同省は各園に対象施設のリスト化を要求し、恵楓園以外にも認定された施設があることから、ハンセン病問題の歴史が大切にされている。

 熊本県合志市の国立ハンセン病療養所・菊池恵楓園で、入所者の隔離や抑圧の歴史を象徴する壁や監禁室など10施設が、ハンセン病問題解決促進法に基づく厚生労働省の歴史的建造物に認定された。九州・沖縄にある五つの療養所では初めてで、今年度から整備、保存に特化した国の予算措置を受けられるようになる。入所者は歴史や教訓の継承が進むことに期待している。

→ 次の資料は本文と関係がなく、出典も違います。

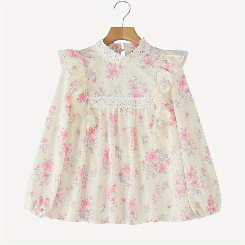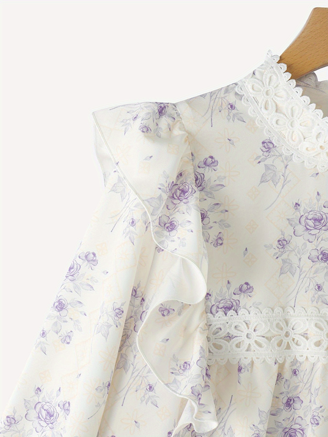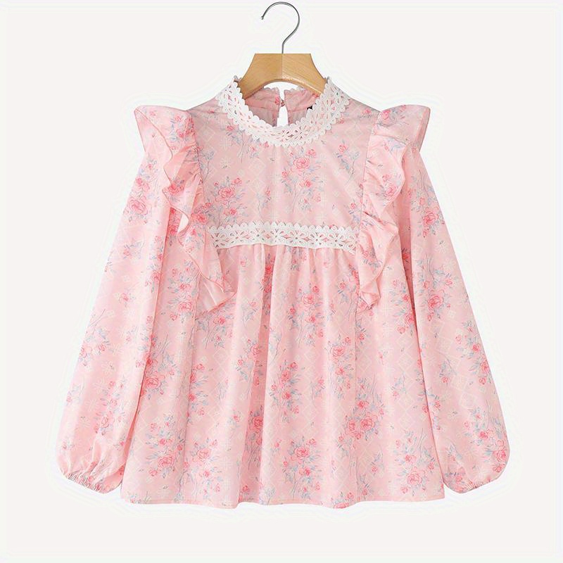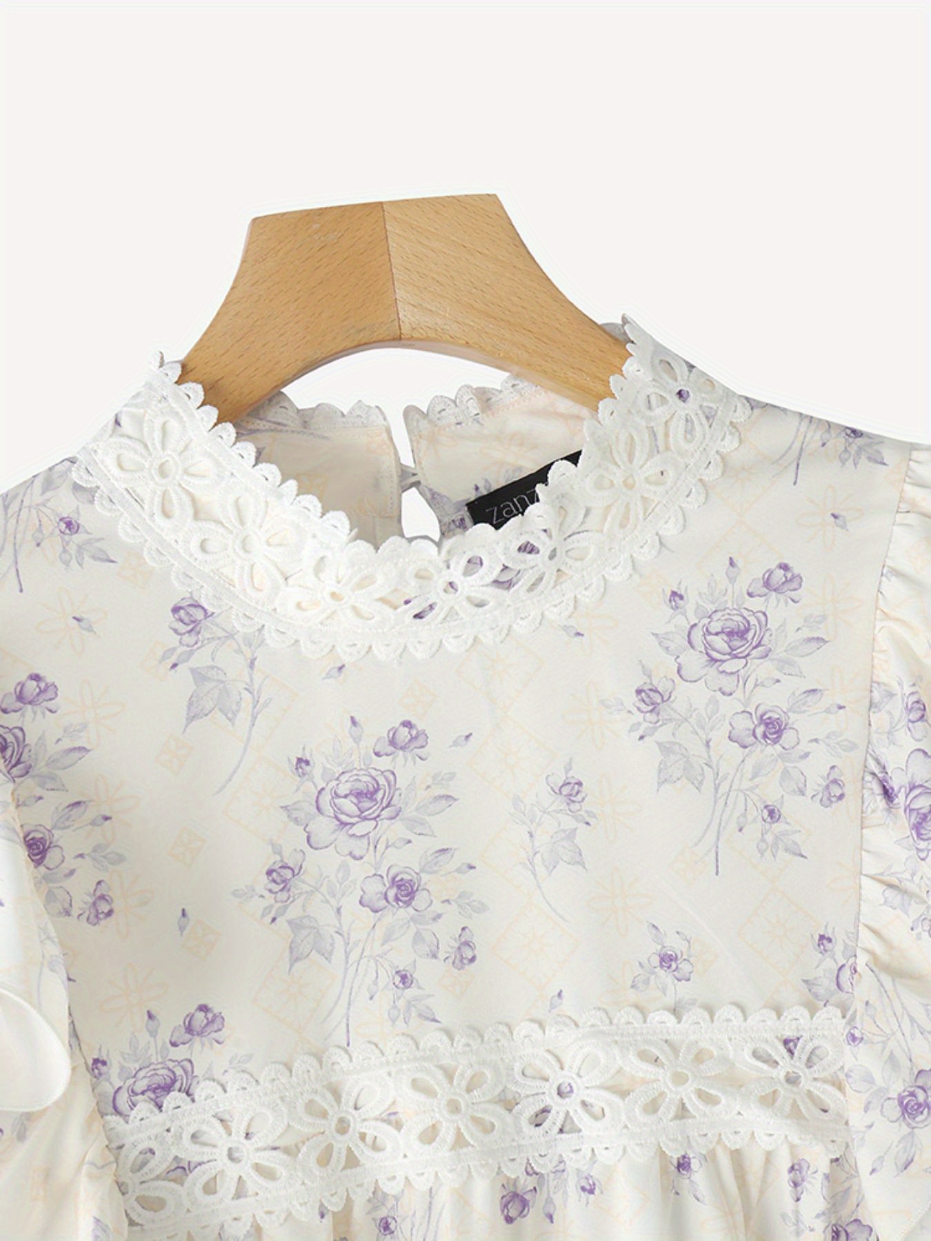 [Floral Lace Blouse] Plus Size, Women's Plus Size Blouse - Floral Lace Accent Shirt With Stand Collar - Lightweight Elegant Office & Party Top - Non-See-Through Formal & Casual Outfits - Machine Washable Women's Clothing By ZANZEA

 厚労省によると、入所者の無断外出防止のためにつくられたコンクリート製の「隔離の壁」や、無断外出した入所者を閉じ込めていた監禁室などを認定。入所者への人工妊娠中絶で堕胎された胎児を弔う胎児慰霊碑と詩文、現在は歴史資料館として活用されている旧事務本館なども選ばれた。一方、園側が保存対象として申請していた新旧の納骨堂や旧礼拝堂の鐘楼の認定は見送られ、継続して審議される。

 国立療養所は厚労省の予算に基づいて運営されているが、隔離政策の歴史を伝える歴史的建造物に認定されると、施設の補修や史跡の整備の際に別枠で予算が割り当てられる。同省は、各園に保存方法を踏まえた対象施設のリスト化を求めており、3月19日の有識者検討会を経て決定した。全国では、岡山県瀬戸内市の長島愛生園と東京都東村山市の多磨全生園のそれぞれ一部が認定されており、恵楓園と同時に瀬戸内市の邑久光明園も選ばれた。

 恵楓園入所者自治会の太田明副会長(80)は「入所者がゼロになっても、ハンセン病問題と恵楓園の歴史が風化しないように施設を残す必要がある。歴史的建造物の認定は大きな一歩だ」と話した。